|Nilotic scene, a Roman mosaic unearthed half a mile from my medical office|
You can take a boat up the White Nile from Khartoum, but there’s no guarantee you’ll make it all the way to Juba. At least there wasn’t in November 1979 when my ex and I were traveling in the Sudan. Our native informants in the capital were unanimous: any tub that didn’t run aground in some dry-season meander would likely be hijacked by pirates.
So we decided to brave a flight on Sudan Airways. It landed safely, belying its nickname of Inshallah Airways, and soon there we were down south in Juba, admiring a real-life Nilotic scene. No hippos, no crocs, just cattle wading decorously into the water, cattle dropping cow patties into the water, people wading in to wash, other people dropping people-patties into the water. Plenty of local color but deserving a Keep Your Distance sign.

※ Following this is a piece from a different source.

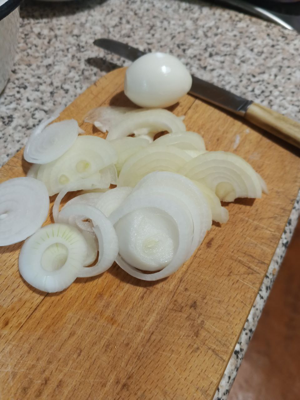 Нарезаем лук полукольцами и закидываем в кипящий бульон на 2-3 минуты

At the time Juba was a village of some 100,000 souls living in mud huts, arranged in circular compounds where pit latrines would have been too high-tech. It was so hot that government office hours ran from 5 to 10 AM. Roads all rigorously dirt, with almost no cars on them since you couldn’t find gas even on the black market. Little to do most days except hike the three miles to the market, where we could gawk at the squatting sellers, buy peanuts, and, if we were lucky, get some lemons we could turn into lemonade if we managed to score bottled water and sugar back at the hotel. We were staying at the town’s second-best. It boasted electric fans, which were functional for exactly four hours each evening, and served up a few leathery tidbits of meat on an otherwise empty plate three times a day, with milky tea on the side. I lost 10 pounds in two weeks.
A large percentage of that vacation’s total calories were gobbled down in one evening, at a vast whisky-drenched party with live music, thrown by a government functionary whose name we’d been given at the Sudanese embassy in Rome by their token southerner. “Government” was something of a euphemism, North and South being already separate de facto if not yet de jure. I spent much of that bash bizarrely reminiscing with our host about our respective times at Harvard, and listening to his cockamamie scheme to make a million bucks by peddling ice cubes to the inhabitants of refrigerator-free Juba.

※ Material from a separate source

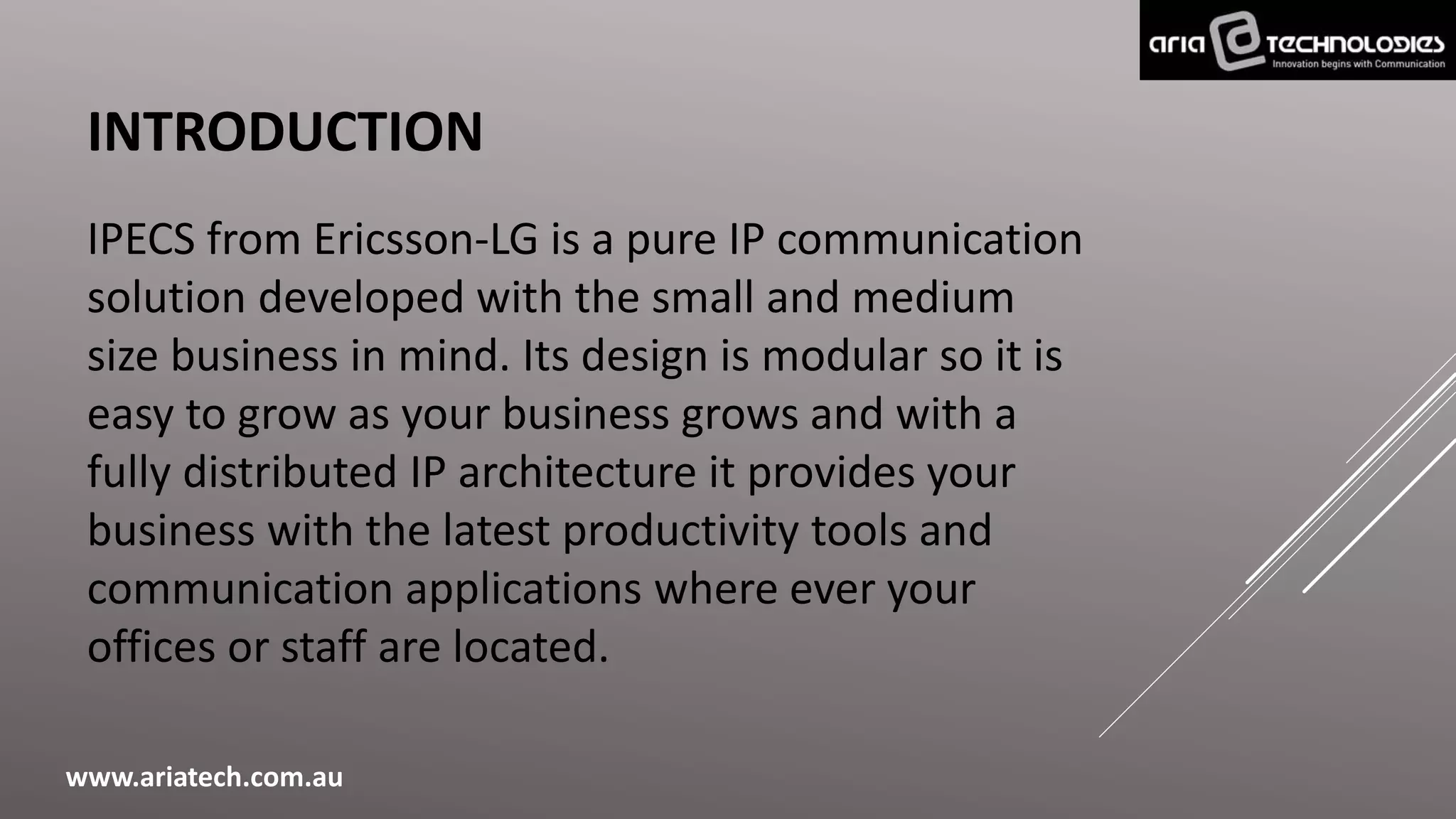 The document introduces ipecs, an IP communication solution by Ericsson-LG designed for small and medium-sized businesses, featuring a modular design for scalability. It outlines various models of IP handsets including the premium lip-9070 with video capabilities, and other models suitable for executives and standard use. Each handset variant offers specific features to enhance business communication productivity.

One day we heard a local guy playing a kind of lute, strung with the kind of strings you tie things with. It was irresistible, so at our next market foray Andrea headed off to hunt for the instrument-maker to buy one. I plunked myself down at a rickety wooden counter where I could quench my thirst while watching the vultures swoop, and exchange pleasantries with the broad jolly woman running the stand. Soon it was 11.00, later than our usual time to be out, and much hotter. I drank glass after glass of sweetened black tea, figuring boiling would have killed off the germs. The other customers were guzzling water, which the woman behind the counter ladled from huge jars, buried up to their necks in the ground to keep their contents cool. She turned out to be not Sudanese but Ugandan, one of the tens of thousands of loyalists of recently deposed dictator Idi Amin who had fled to southern Sudan driving their herds before them. Her Queen’s English would have passed as native in Cambridge, England, where she said she hoped to send her daughters to university one day.

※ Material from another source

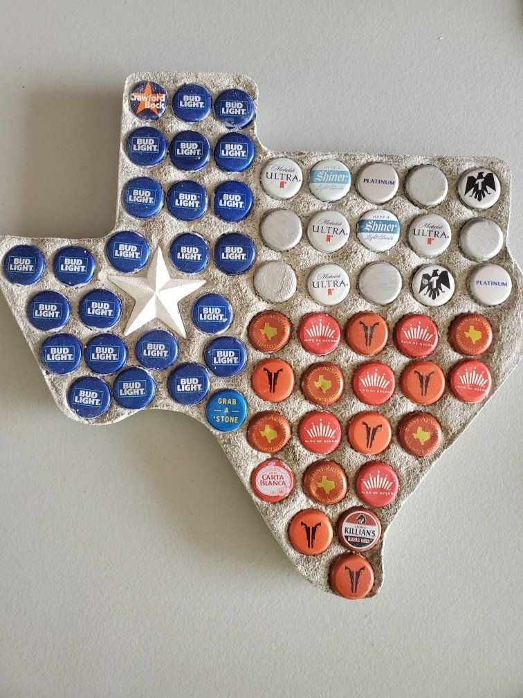 Button12x12 Grey cement stone with white star and various bottle caps in place to resemble the Texas Flag.

The heat was cooking my brain. After I had knocked back tea number six, which left me thirstier than ever, my hostess looked me in the eye and said, “But wouldn’t you really rather have a lovely cup of nice cold water?” It was her impeccable British accent that got me. I said, “Yes! Yes!” and gulped down a giant tin cupful of liquid that smelled, looked, and tasted like it had come straight from the Nile. Coolth and hydration spread instantly through my body in a rush as good as any junkies get from heroin.
Moments later the euphoria faded and panic set in, as the names of all the water-bourne infectious diseases I’d been taught in medical school floated to the surface of my mind and I started counting down incubation periods. Hours waiting to be hit by staph dysentery, days for salmonella and cholera, two weeks for giardia and typhoid fever, four weeks for amebiasis, six weeks for hepatitis A, a year for Guinea worm disease…
Miraculously, I never got any of them.